Source material:
────────────────

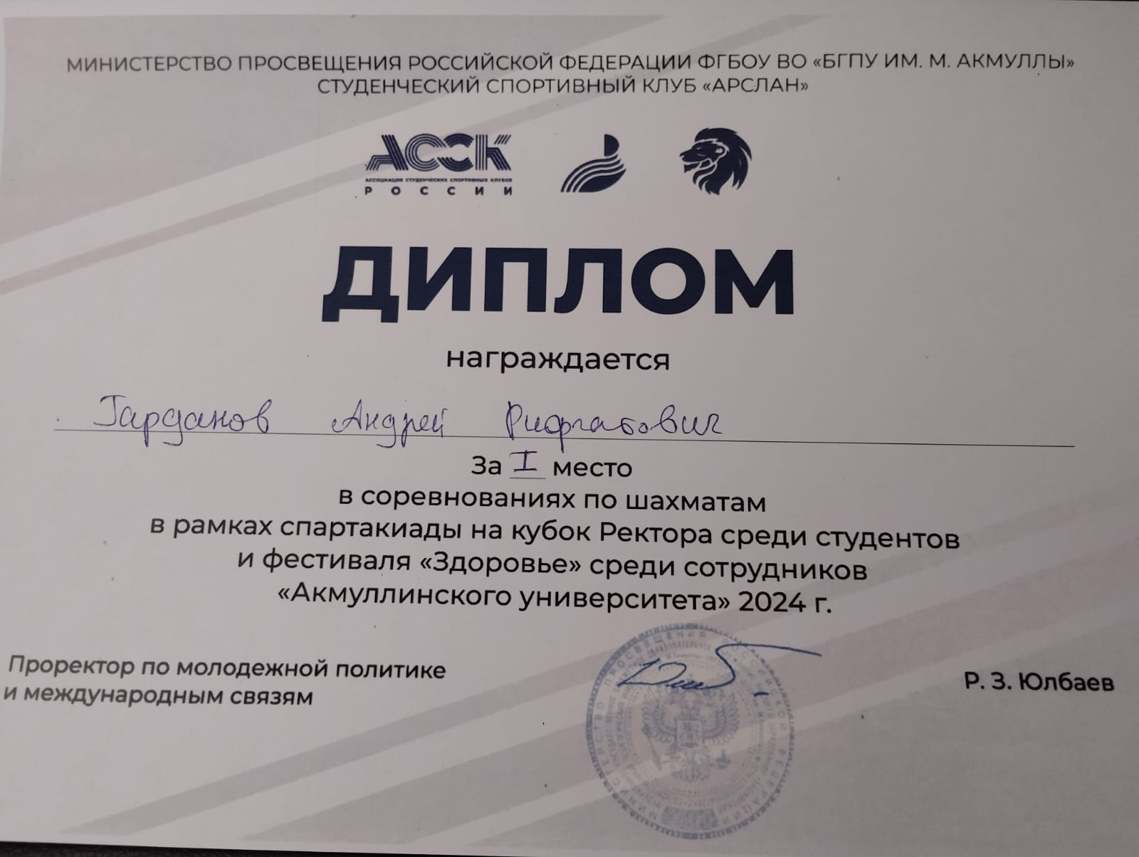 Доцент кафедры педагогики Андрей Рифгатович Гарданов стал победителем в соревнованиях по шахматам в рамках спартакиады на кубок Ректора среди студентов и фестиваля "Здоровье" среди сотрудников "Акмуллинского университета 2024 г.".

────────────────

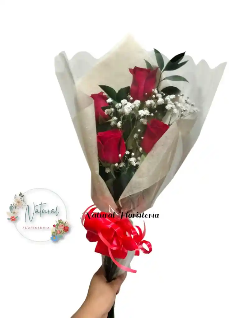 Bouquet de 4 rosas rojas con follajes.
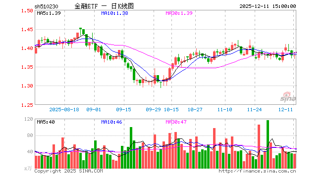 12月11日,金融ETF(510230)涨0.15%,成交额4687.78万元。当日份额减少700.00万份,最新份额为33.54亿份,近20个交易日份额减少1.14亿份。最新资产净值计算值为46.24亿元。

────────────────

Aim of the task:
Above are records with pictures. Reproduce exactly only the lines from the line with "Bouquet de 4 rosas rojas con follajes." through the line with "12月11日,金融ETF(5", both ends included, and leave the pictures out.

Output of the task:
 Bouquet de 4 rosas rojas con follajes.
 12月11日,金融ETF(510230)涨0.15%,成交额4687.78万元。当日份额减少700.00万份,最新份额为33.54亿份,近20个交易日份额减少1.14亿份。最新资产净值计算值为46.24亿元。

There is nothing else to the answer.